For example, in operation the frame engine 235 receives the
monitored intervals of network data from the Link Engine 220, and
creates at least one metric that includes attribute characteristics
of the intervals of data. However, instead of forwarding the
created metric(s) directly to the portal tier 35, it is first
buffered in one of the data banks A 240 or B 245. To increase the
overall throughput, while one data bank outputs its metric contents
to the processor 250 (e.g., via interface 241 or 246), the other
data bank is being filled with a new set of metric data created by
the frame engine 235. This process occurs in predetermined fixed
time intervals; for example, in one preferred embodiment the
interval is fixed at one second.
[0038] Reference is next made to FIG. 3, which illustrates a flow
chart denoting one example of a methodology, preferably implemented
by way of computer executable instructions carried out by the
probe's programmable devices, for monitoring network data and
deriving metrics therefrom. This particular example is shown in the
context of a Fibre Channel network running a SCSI upper level
protocol. It will be appreciated however that the embodiment of
FIG. 3 is offered by way of example and should not be viewed as
limiting the present scope of the invention. Indeed, specific steps
may depend on the needs of the particular implementation, the
network monitoring requirements, particular protocols being
monitored, etc.
[0039] Thus, beginning at step 302, a series of initialization
steps occurs. For example, the overall probe system is initialized,
various memory and registers are cleared or otherwise initialized.

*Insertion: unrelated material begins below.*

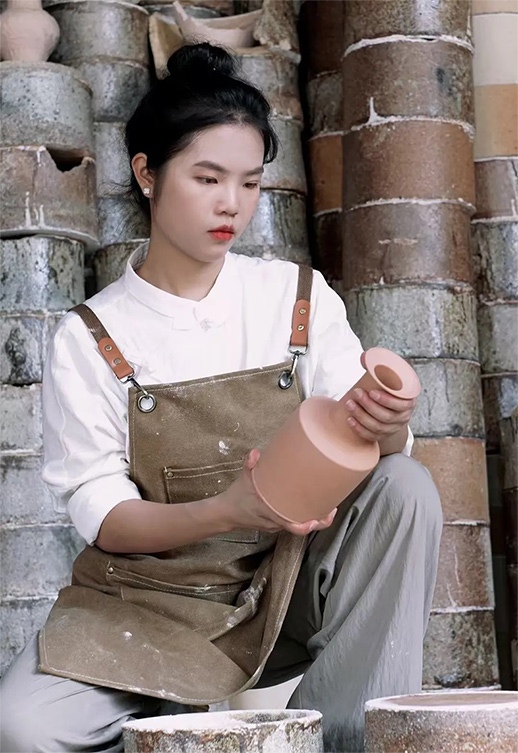 出生于2003年,从小在窑边长大的她,自幼对龙泉青瓷的制作耳濡目染。15岁起跟随爷爷金品老艺人和多名制瓷前辈学习制瓷和古龙窑烧制技艺。五年的专业学习,以传统技法融入现代审美。

In a preferred embodiment, an "exchange table" memory area is
cleared. The exchange table is an internal structure that refers to
a series of exchange blocks that are used to keep track of, for
example, a Fibre Channel exchange (a series of related events). In
particular, ITL (Initiator/Target/Lun) exchange statistics
(metrics) are generated using the data from this table. Data
included within the exchange table may include, for example, target
ID, initiator ID, LUN and other information to identify the
exchange taking place. Additional data would be used to track, for
example, payload bytes transmitted, the time of the command, the
location where the data for the ITL is stored for subsequent
transmission to the portal tier, and any other information relevant
to a particular metric to be generated. Thus, in the present
example, when a command is received, the table is created. The
first data frame time is recorded, and the number of bytes is added
whenever a frame is received. Finally, the status frame is the last
event which completes the exchange and updates the table.
[0040] Once the requisite initialization has occurred, processing
enters an overall loop, where data intervals on the network are
monitored. Thus, beginning at program step 306, the next data
interval "event" is obtained from the network via the link engine.
Once obtained, processing will proceed depending on the type of
event the data interval corresponds to.
[0041] If at step 308 it is determined that the data interval event
corresponds to a "link event," then processing proceeds at step
310. For example, if the link engine detects a "Loss of Signal"
event, or similar link level event, that condition is communicated
to the frame engine because there is no network traffic present.
Processing would then continue at 304 for retrieval of the next
data interval event.
[0042] If at step 312 it is determined that the data interval event
corresponds to an actual network "frame event," then processing
proceeds with the series of steps beginning at 316 to first
determine what type of frame event has occurred, and then to
process the particular frame type accordingly. In the illustrated
example, there are three general types of frame types: a command
frame; a status frame; and a data frame. Each of these frames
contains information that is relevant to the formulation of
metric(s). For example, if it is determined that there is a command
frame, then processing proceeds at 318, and the SCSI command frame
is processed. At that step, various channel command statistics are
updated, and data and statistics contained within the exchange
table is updated. This information would then be used in the
construction of the corresponding metric.
[0043] If however, the event corresponds to a status frame at step
320, then processing proceeds with a series of steps corresponding
to the processing of a SCSI status frame at step 322. Again,
corresponding values and statistics within the exchange table would
be updated. Similarly, if the event corresponds to a SCSI data
frame, processing proceeds at step 326, where a similar series of
steps for updating the exchange table. Note that once a frame event
has been identified and appropriately processed, processing returns
to step 306 and the next data interval event is obtained.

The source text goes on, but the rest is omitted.